Off Topic Bill Nicholson Arms

  • Please bear with us on the new site integration and fixing any known bugs over the coming days. If you can not log in please try resetting your password and check your spam box. If you have tried these steps and are still struggling email [email protected] with your username/registered email address
  • Log in now to remove adverts - no adverts at all to registered members!
No.

This is classic stress testing of the Maillot Jaune and his team.
Sky also had Kwiatowski in the middle group (a classic set for a
potential bridging move - I was surprised Froome did not try) .
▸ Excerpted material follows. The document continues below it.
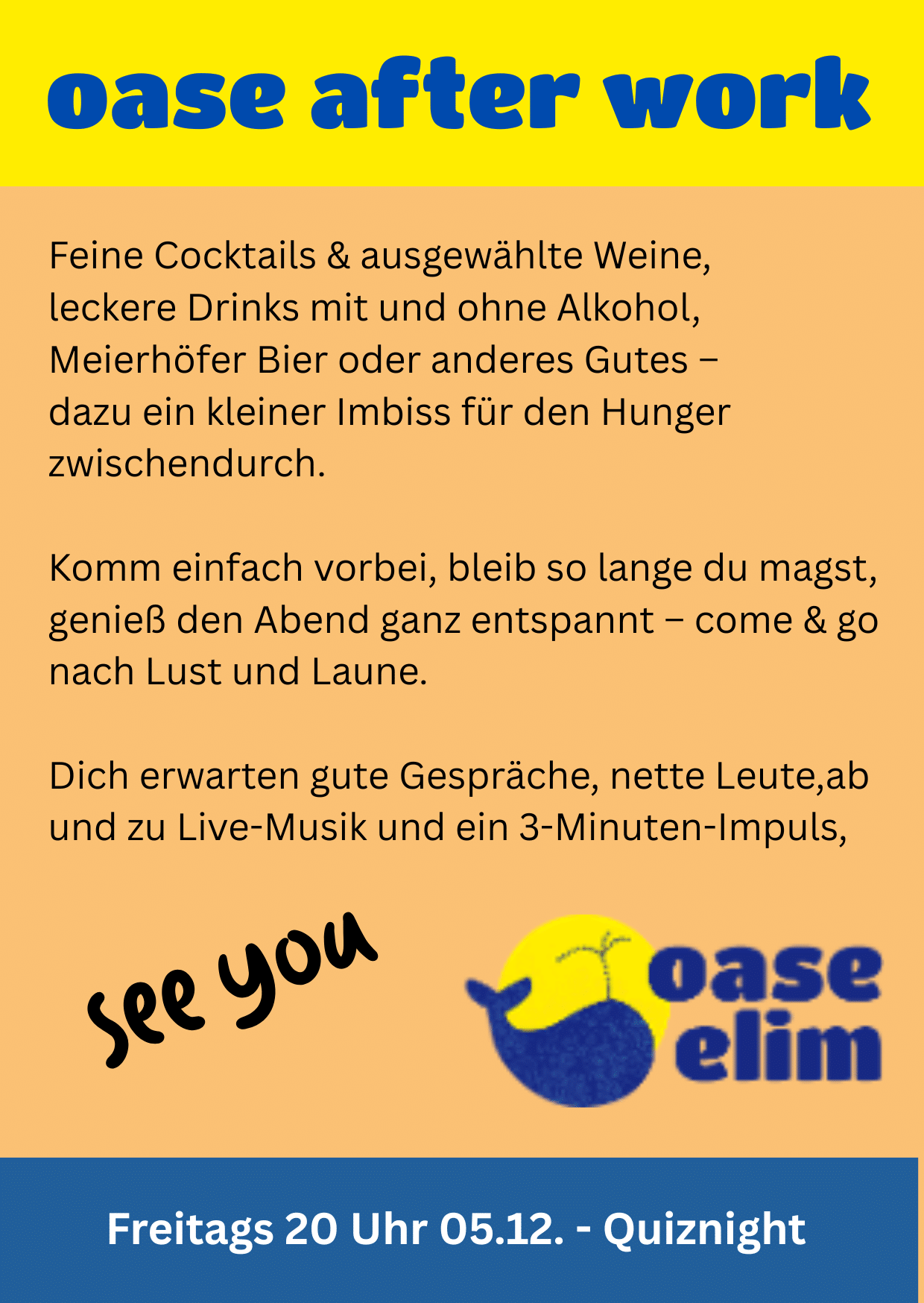 Freitag, den 5. Dezember ab 20 Uhr – Oase After Work Quiz Night Oase After Work – Freitag, den 09. Mai ab 20 Uhr. Es wird lecker: ….. Cocktails: ….. Herzlich willkommen!

Aru and his team reminds me of Greg Lemond and ADR in 1989.
They have a potential winner but a far weaker team than their
rivals. If one of Froome or Landa are not blown away decisively
in the mountains, he will be subject to tandem attacks every day
in the mountains.
I posed the question because Froome didn't seem to be able to stay with Aru over the last 300-400 yards of the climb to the finish the other day.
It's rare to see Froome lose time in that manner to a rival; I wondered whether he might have been struggling and the nod was given to Landa to race to pick up time for himself (which he did).
However, I think Froome answered any doubts emphatically in regaining yellow yesterday.
There is no doubt he has a far superior team. If he is in decent shape, then it will take something special from Aru or Bardet or Martin to dislodge him.
Wednesday and Thursday in the Alps should be interesting, especially a summit finish on the Col d'Izoard.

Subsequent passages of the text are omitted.